How much does the arc of Bin and Jin's story. where they go from the city and are unexpectedly put into the setting with their grandparents — they ended up with them, and you with yours — what alignment is there with their story and yours? There's points of congruence, but how rooted it is in your experience?

When I first started writing the story, I remembered the big events in my childhood and tried to capture some emotions. We lived with our aunts for quite a long time: different aunts, different family members, then our grandparents for quite a while. It's not exactly the same, and we knew what was going on in bits and pieces. Overall, certain emotions I had, I tried to convey through Jin and Bin. Emotionally, I tried to stay true to having a point of view of these kids. That's what I tried to capture.

I have to say, the film didn't become reality for me until we cast the two leads. They add so much of their own personality and soul to these characters, I feel so fortunate that I was able to find them and work with them. The film could not be what it is without their contribution, their texture, their characters.

Kim2 I want to get an idea of this process of the film becoming a reality. You say it didn't fully become one to you until it was cast. You had these elements, you had your childhood memories, you had the story.
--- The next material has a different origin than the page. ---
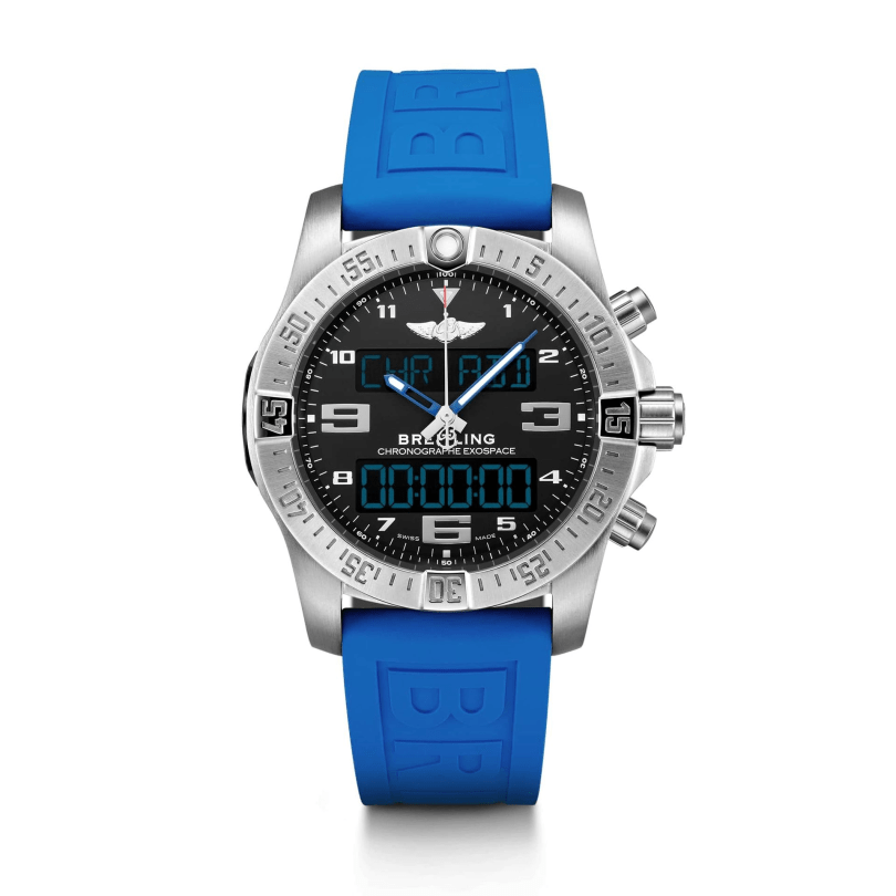 The Breitling Exospace B55 is an interesting take on a smartwatch, this is a quartz watch with three analog hands and a digital readout. So we could consider the Exospace B55 as a hybrid timepiece, a digital/analogue wristwatch.

What steps did you take to bring this to fruition? You had these disparate parts that seemed promising, but what did you have to do to bring them together?

For this story particularly, I had to remove a lot of my personal connection. I started from my own memory, but through the practice of writing and casting, I had to make sure my personal self is out of the story completely. If I became too attached to who these girls are and tried to emulate who they are to my memory of my experience, it becomes contradictory. I'm in the way of the film. I had to make sure that, by the time we shoot, I'm completely out of the way. They have a life of their own, and when we started shooting, it felt like they were Jin and Bin, and had their own life story to tell. I had to make sure I was aware and had the camera at the right place.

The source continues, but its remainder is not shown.